Without their knowledge or consent, many Medicare patients have been swept into for-profit third party organizations with power over their healthcare decisions. You may already be one of these patients. The intent of this article is to make you aware of this possibility and to encourage you to take action to protect yourself. A good start might be an informational webinar being offered on Monday, May 23rd.

 

 

Since 1965, when Lyndon Johnson signed healthcare for seniors into law, most Americans have been able to rest relatively easy about the healthcare of their later years.

Though eligible seniors have long been able to choose between Traditional Medicare (provided by Uncle Sam with their taxpayer dollars) or Medicare Advantage (MA- a privately-run plan also funded by tax dollars), the vast majority have chosen Traditional. The simple reason for this preference is that most seniors do not trust a “for profit” organization to be in the driver’s seat of their healthcare vehicle.

Names have been changed, but not to protect the innocent

Private Plan Medicare has been somewhat of an option for decades, though the name has been changed often, and its inducements “improved” to attract customers. Promotions for these private plans have variously promised “improved healthcare”, “coordination of benefits”, “timely care,” etc. Think HMO, Medicare + Choice, peer-review group, managed care, benefit coordination, Accountable Care Organizations (ACO) and many, many others. Traditional Medicare has also adopted many of these same methods in its quest to provide decent care at acceptable prices.

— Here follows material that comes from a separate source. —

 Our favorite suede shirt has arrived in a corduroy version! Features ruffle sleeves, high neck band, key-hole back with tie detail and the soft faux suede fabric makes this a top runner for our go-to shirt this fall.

Even with all these improvements and inducements, as of 2017 only about 33% of Medicare-eligible seniors chose to be in private plans. The Congressional Budget Office estimates that 2027 will see 41% enrollment in whatever such programs are calling themselves by then. Using their billions of dollars in taxpayer-funded profit, the private insurers who administer these plans aggressively (and expensively) advertise these perks to seniors via television and social media ads, mail solicitations, and invasive telephone calls. Despite their promised enticements of coverage for glasses, hearing aids, prescription coverage, gym memberships, etc., the majority of seniors still stick with Traditional care plans. Go figure.

Denying care = Profit

Amazingly, Traditional Medicare, for all its unwieldiness and occasional missteps, provides its services with only 2% of its funds going to “administration” and spends 98% of its funds on services to senior citizens. In contrast, Medicare Advantage, currently the most prominent private-care plan, spends 60% of the taxpayer funds it receives on services and manages to retain 40% for itself.

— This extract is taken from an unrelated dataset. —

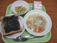 ○牛乳 ○中華風炊き込みごはん ○ばんさんすう ○白菜のクリームスープ

MA has been very successful-especially for the private insurers. But, it is perhaps not so great a deal for the majority of seniors. The only way to take the same dollars per case and retain huge profit is to reduce spending on services. While approximately 99% of Medicare patients are eligible for MA, its subscribers tend to be the healthier and more affluent seniors. It is extremely unlikely that the model can work for those seniors who require a lot of healthcare services. Most anyone can do the math. What it adds up to is seniors being denied care that a profit-driven insurer deems “unnecessary” or “too costly”.

Wake up and smell the…smell

Anyone who has not spent the past several decades in a coma is aware that the rich and powerful of the world have not eschewed the judicious sharing of their wealth and power with willing recipients in elected office. In other words, many a politician will take many a “brown bag”.

Taxpayers/voters continue to elect their “favorite sons,” with almost no regard for whether they actually achieve anything for the benefit of those who vote for them. Elected office holders of both political parties bestow the “productive” part of their allegiance to those who give them the dollars to continue being elected, term after term. Taxpayers and voters generally get the worthless “promises” part.

That scenario is currently playing out again right under the noses of today’s senior citizens, as well as under the younger noses of those who will be the senior citizens of the future.

This secret train is speedily on its way to deliver the golden egg of senior healthcare funds to powerful for-profit organizations. It may still be possible to derail the train, but time is very short.

Nothing to see here; move along! 

You may have received a notice from Centers for Medicare & Medicaid Services (CMS) that your doctor or healthcare group is now part of a Medicare Direct Contracting Entity (DCE).

A DCE is an organization, (generally a for-profit) that acts as the middle man between the patient and the care provider. Entry into a DCE may be voluntary or  automatic (based on prior claims). See more details here. 

However, hundreds of thousands of current Medicare patients who have consistently chosen Traditional Medicare have, without their permission or knowledge, already been auto-aligned” into a DCE. While “voluntary alignment” at least suggests some customer choice, auto-aligned means about the same as “hijacked”. Millions more are slated for that pleasure in the not-too-distant future, unless something changes.

My particular CMS letter came literally filled with oft repeated assurances that “your regular Medicare benefits have not changed” and that you still have your “freedom of choice.” The letter helpfully provides a “list of the doctors and other groups that work with us” at https://avc2dc.com/. Also, I’m told that “some special features may be available” to me and that they “look forward to helping” my doctor care for me over the coming year.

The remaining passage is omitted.